Did the implied truth effect hold? Yes, and there were interactions with headline veracity. For false headlines, participants in the warning condition were willing to share 36.2% of untagged headlines, compared to 29.8% in the control group. For true headlines, participants in the warning condition were willing to share 44.5% of untagged headlines, compared to 40.9% in the control group.

Did the truth stamp lead to a verification effect? Yes. Participants in the warning + verification group considered sharing a larger percentage (46%) of verified true headlines, compared to participants in the control group, who were willing to share 40.9% of unverified true  headlines.

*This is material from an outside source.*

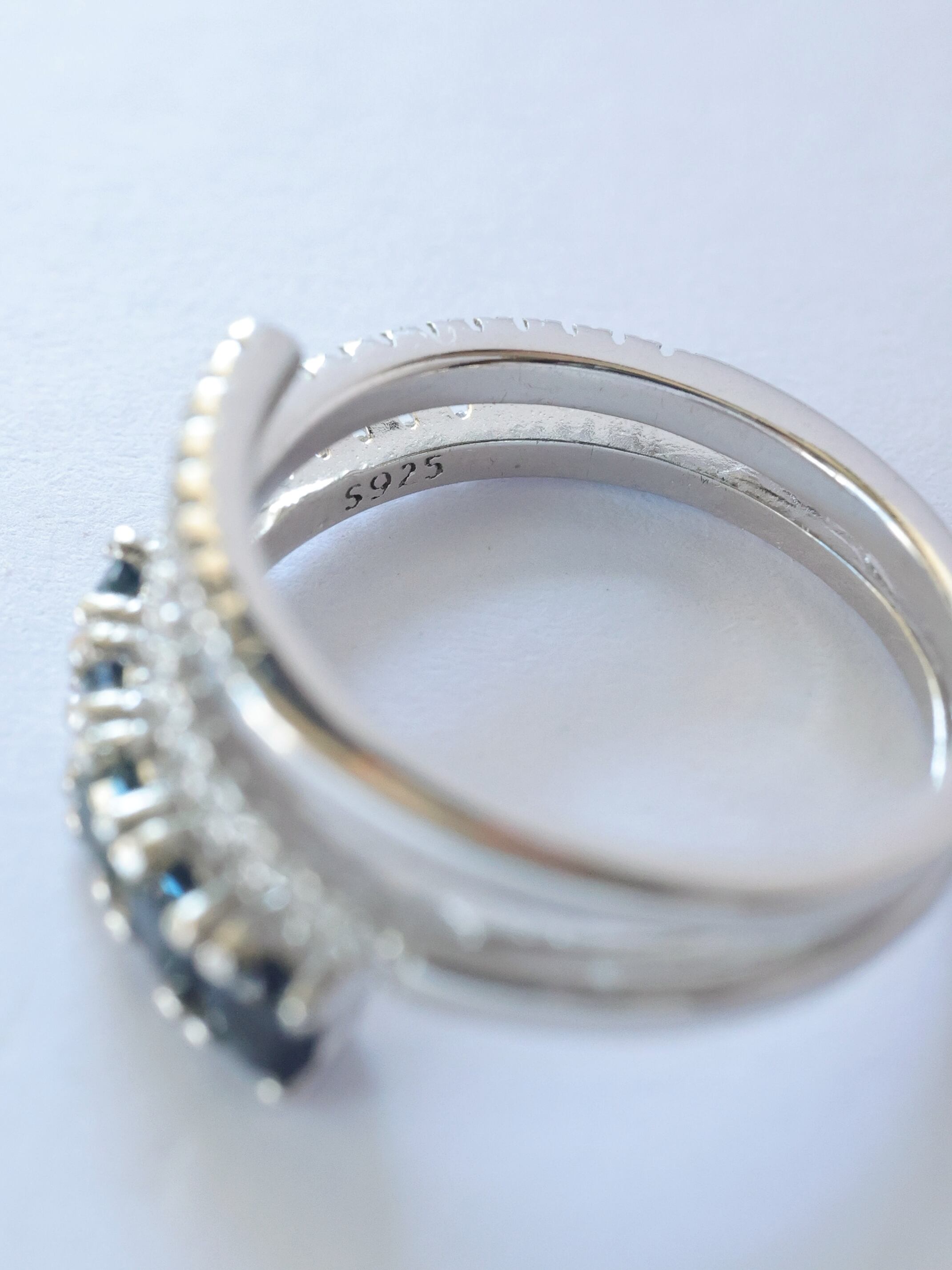 立体感ある3連デザインの中央に配したバイカラーサファイアが、サイドの煌めくジルコニアと調和し、手元を華やかに演出。

Implications for warnings and verifications
Pennycook and colleagues demonstrated a previously undocumented phenomenon, the implied truth effect: when false headlines come with warnings, users infer that untagged headlines are true and are more willing to believe and share them. The authors also found that removing the ambiguity surrounding untagged true reversed the implied truth effect. Neither study showed evidence for a backfire effect, whereby users reject political information that is inconsistent with their beliefs. These results call into question motivated reasoning accounts explaining the spread of false political information on social media sites.  The results also suggest that social media platforms can impede the spread of misinformation by using third-party fact-checkers to warn against lies and endorse truth.

 Additional References:

  1. Ecker, U.K.H, Lewandowsky S., Tang, D.T.W. (2010) Explicit warnings reduce but do not eliminate the continued influence of misinformation. Memory & Cognition 38(8):1087–1100.
  2. Lewandowsky, S., Ecker, U. K., Seifert, C. M., Schwarz, N., & Cook, J. (2012). Misinformation and its correction: Continued influence and successful debiasing. Psychological Science in the Public Interest13(3), 106-131.
  3. Chan, M. S., Jones, C. R., Hall Jamieson, K., & Albarracín, D. (2017). Debunking: A meta-analysis of the psychological efficacy of messages countering misinformation. Psychological Science, 28(11), 1531–1546.
  4. Nyhan, B. & Reifler. J. (2010) When corrections fail: The persistence of political misperceptions. Political Behavior, 32(2):303–330.
  5. Nyhan, B., Reifler. J. & Ubel , P.A. (2013). The hazards of correcting myths about healthcare reform. Medical Care 51(2):127–132.
  6. Schaffner,  B.F. &  Roche, C. (2016) Misinformation and motivated reasoning: Responses to economic news in a politicized environment. Public Opinion Quarterly, 81(1):86–110.
  7. Berinsky, A.J (2017). Rumors and healthcare reform: Experiments in political misinformation. British Journal of Political Science. 47(2):241–262.
  8. Kahan, D.M.  (2017). Misconceptions, misinformation, and the logic of identity-protective cognition. Cultural Cognition Project Working Paper 164, Yale University, New Haven, CT.